**WORK TASK:**
All lines below between the line with "29 ноября в" and the line with "Jeans skinny gris", including both, must be copied exactly, and the pictures must be omitted.
*** Opening DATA SHOWN ***
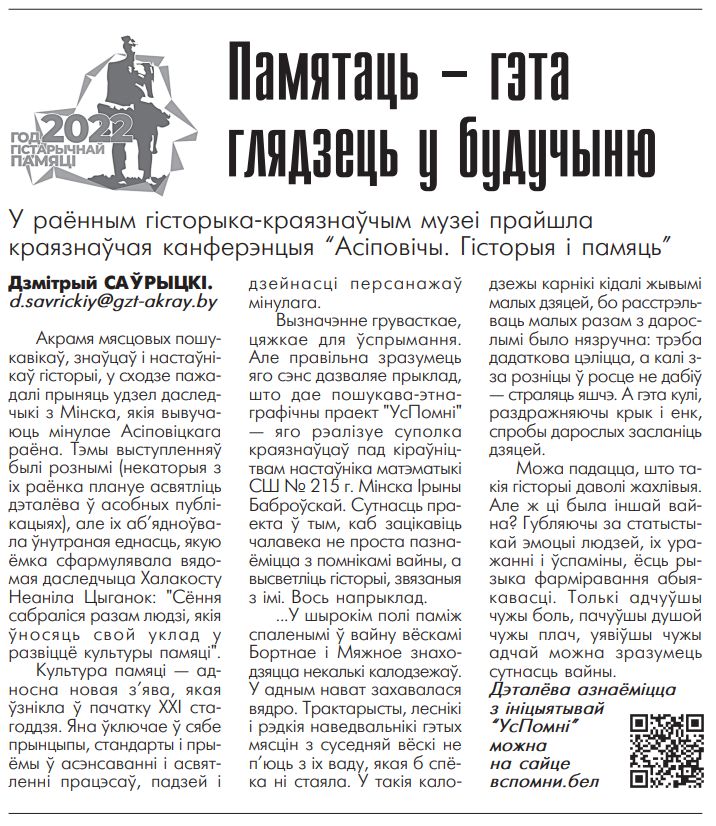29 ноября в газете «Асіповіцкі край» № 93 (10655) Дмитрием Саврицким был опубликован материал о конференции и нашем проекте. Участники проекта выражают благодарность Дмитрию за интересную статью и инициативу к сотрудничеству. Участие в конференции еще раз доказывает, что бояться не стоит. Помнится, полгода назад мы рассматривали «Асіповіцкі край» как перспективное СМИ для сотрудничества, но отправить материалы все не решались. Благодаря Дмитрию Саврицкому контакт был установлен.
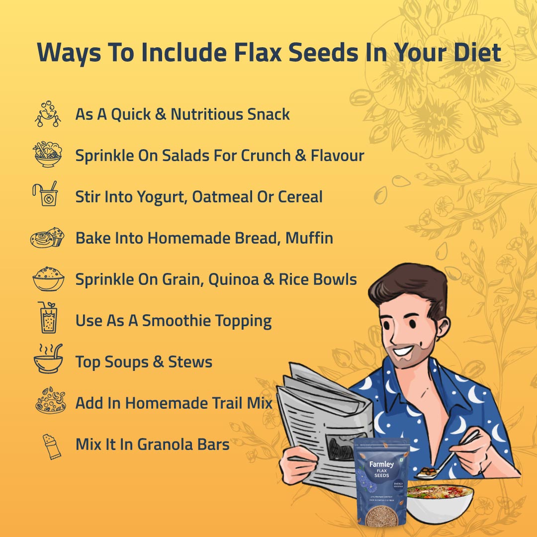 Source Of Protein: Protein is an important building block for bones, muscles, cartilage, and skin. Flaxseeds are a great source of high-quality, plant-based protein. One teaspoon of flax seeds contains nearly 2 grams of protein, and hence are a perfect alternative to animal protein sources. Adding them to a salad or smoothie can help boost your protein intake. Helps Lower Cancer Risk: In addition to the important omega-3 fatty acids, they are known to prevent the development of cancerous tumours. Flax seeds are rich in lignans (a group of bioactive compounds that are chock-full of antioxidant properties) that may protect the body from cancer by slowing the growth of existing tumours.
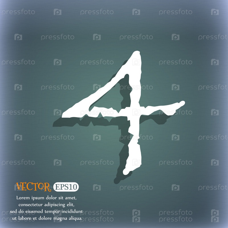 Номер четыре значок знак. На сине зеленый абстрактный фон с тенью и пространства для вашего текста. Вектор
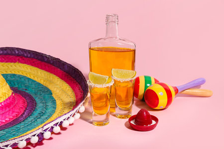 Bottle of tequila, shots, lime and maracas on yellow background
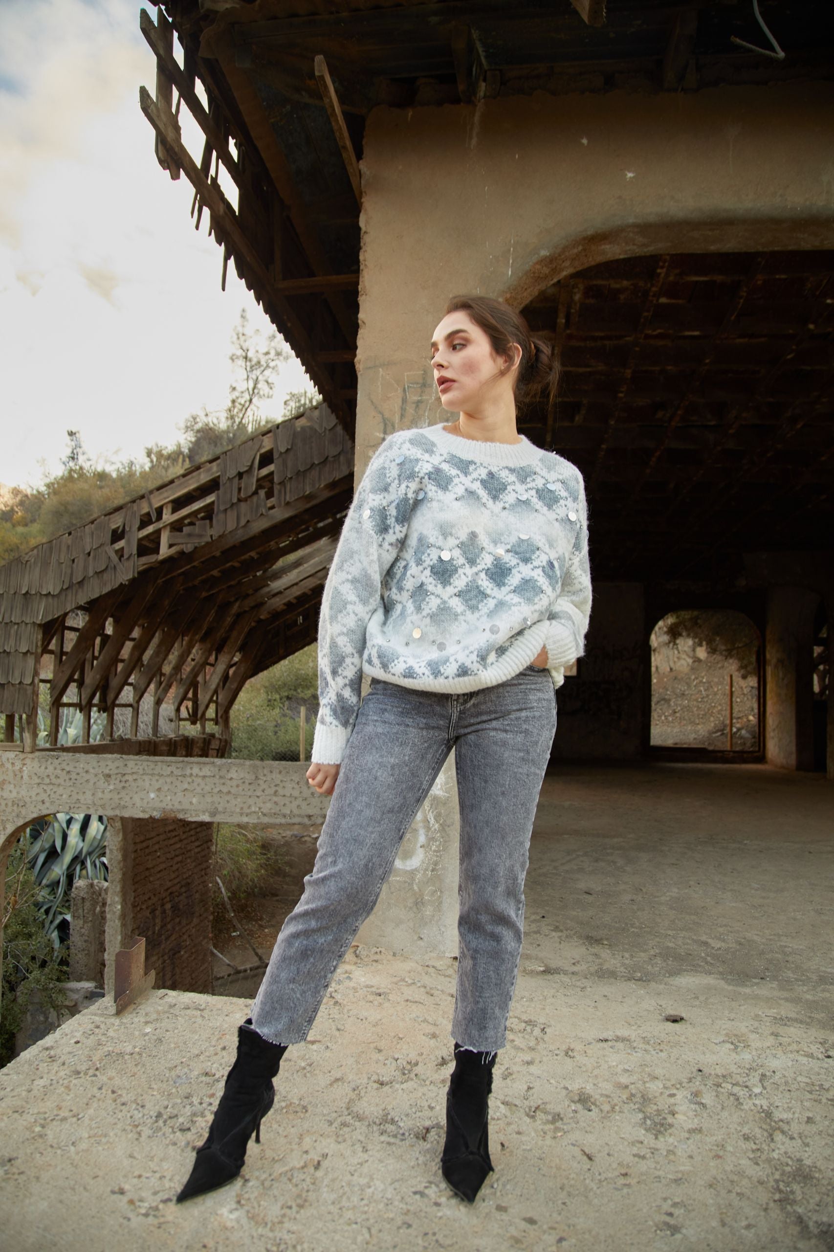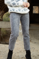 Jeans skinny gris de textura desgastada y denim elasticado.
*** Closing DATA SHOWN ***
*** Opening DATA SHOWN ***
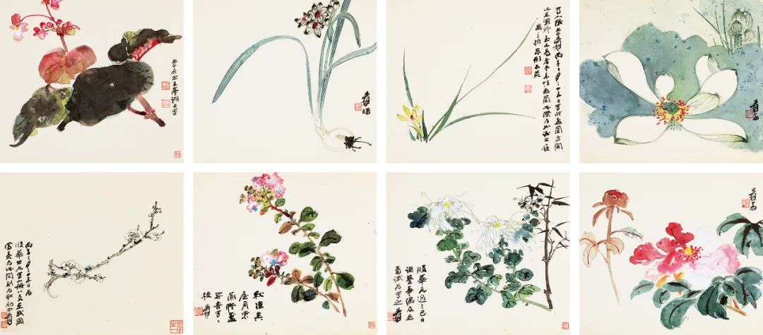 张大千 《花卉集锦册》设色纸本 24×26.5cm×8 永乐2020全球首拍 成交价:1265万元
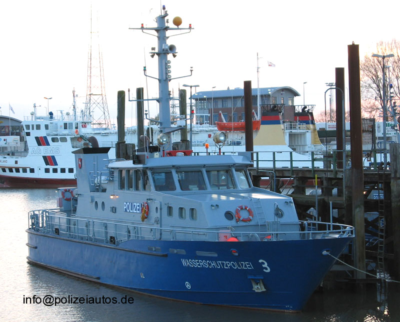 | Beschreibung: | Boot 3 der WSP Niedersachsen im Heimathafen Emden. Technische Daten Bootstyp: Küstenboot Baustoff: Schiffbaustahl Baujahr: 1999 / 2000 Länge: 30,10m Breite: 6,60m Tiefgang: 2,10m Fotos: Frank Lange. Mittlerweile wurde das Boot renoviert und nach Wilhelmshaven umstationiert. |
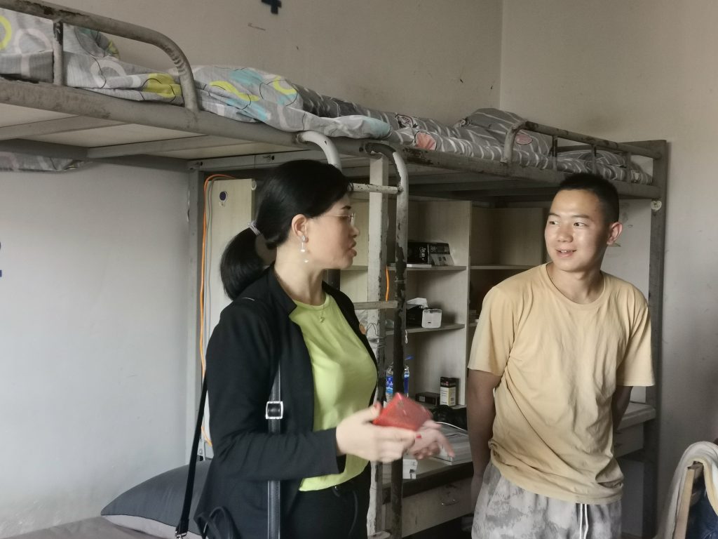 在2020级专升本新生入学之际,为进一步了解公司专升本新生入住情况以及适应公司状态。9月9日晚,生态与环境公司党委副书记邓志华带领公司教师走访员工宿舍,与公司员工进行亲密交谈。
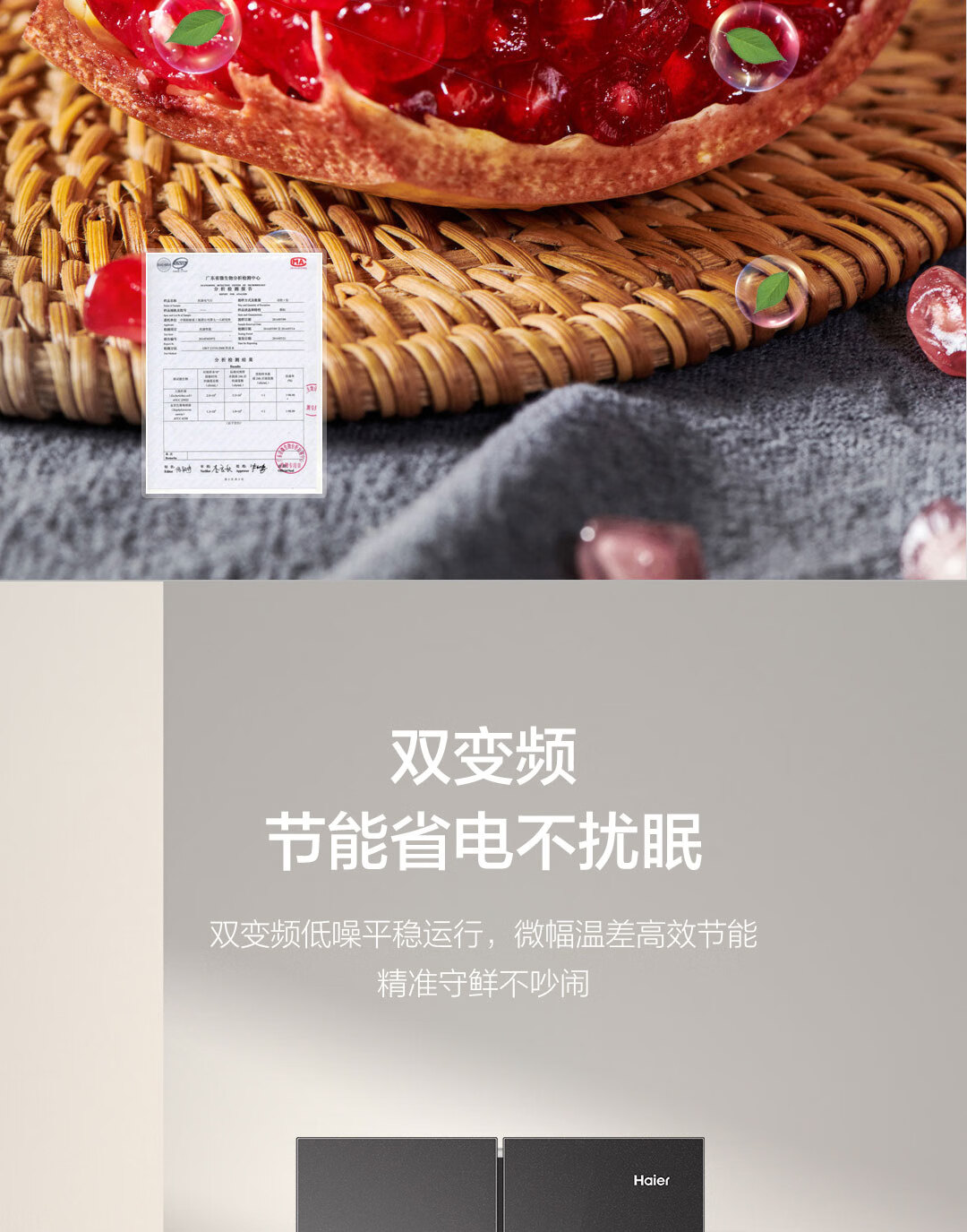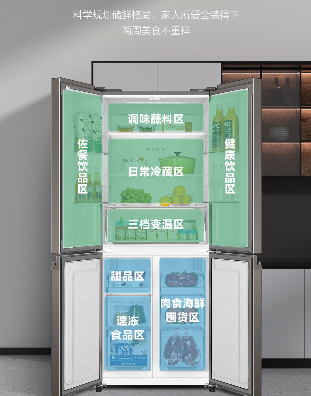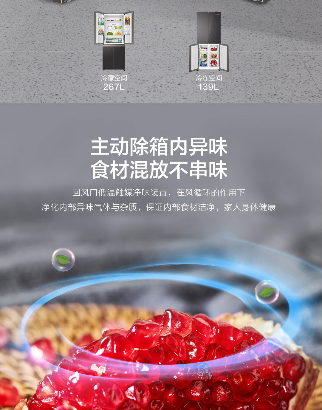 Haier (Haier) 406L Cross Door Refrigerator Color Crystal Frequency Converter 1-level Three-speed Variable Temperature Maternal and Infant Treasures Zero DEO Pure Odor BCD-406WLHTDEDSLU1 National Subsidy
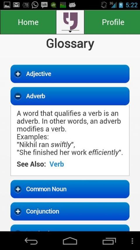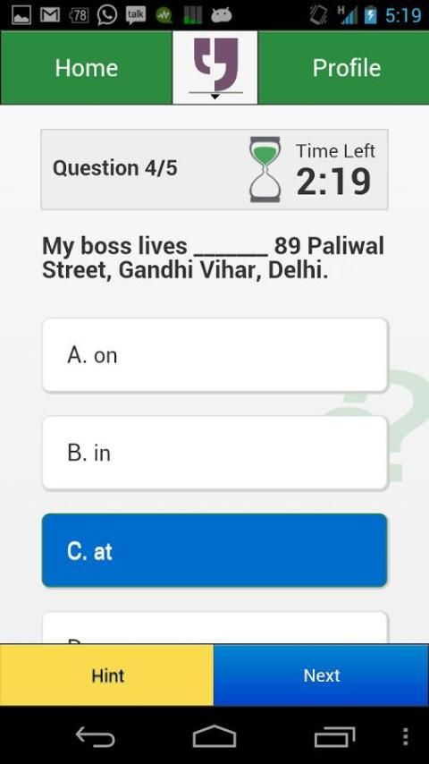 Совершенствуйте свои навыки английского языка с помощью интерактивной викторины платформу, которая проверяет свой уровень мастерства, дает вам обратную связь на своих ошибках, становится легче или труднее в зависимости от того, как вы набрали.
*** Closing DATA SHOWN ***
**RESPONSE TO THIS TASK:**
29 ноября в газете «Асіповіцкі край» № 93 (10655) Дмитрием Саврицким был опубликован материал о конференции и нашем проекте. Участники проекта выражают благодарность Дмитрию за интересную статью и инициативу к сотрудничеству. Участие в конференции еще раз доказывает, что бояться не стоит. Помнится, полгода назад мы рассматривали «Асіповіцкі край» как перспективное СМИ для сотрудничества, но отправить материалы все не решались. Благодаря Дмитрию Саврицкому контакт был установлен.
 Source Of Protein: Protein is an important building block for bones, muscles, cartilage, and skin. Flaxseeds are a great source of high-quality, plant-based protein. One teaspoon of flax seeds contains nearly 2 grams of protein, and hence are a perfect alternative to animal protein sources. Adding them to a salad or smoothie can help boost your protein intake. Helps Lower Cancer Risk: In addition to the important omega-3 fatty acids, they are known to prevent the development of cancerous tumours. Flax seeds are rich in lignans (a group of bioactive compounds that are chock-full of antioxidant properties) that may protect the body from cancer by slowing the growth of existing tumours.
 Номер четыре значок знак. На сине зеленый абстрактный фон с тенью и пространства для вашего текста. Вектор
 Bottle of tequila, shots, lime and maracas on yellow background
 Jeans skinny gris de textura desgastada y denim elasticado.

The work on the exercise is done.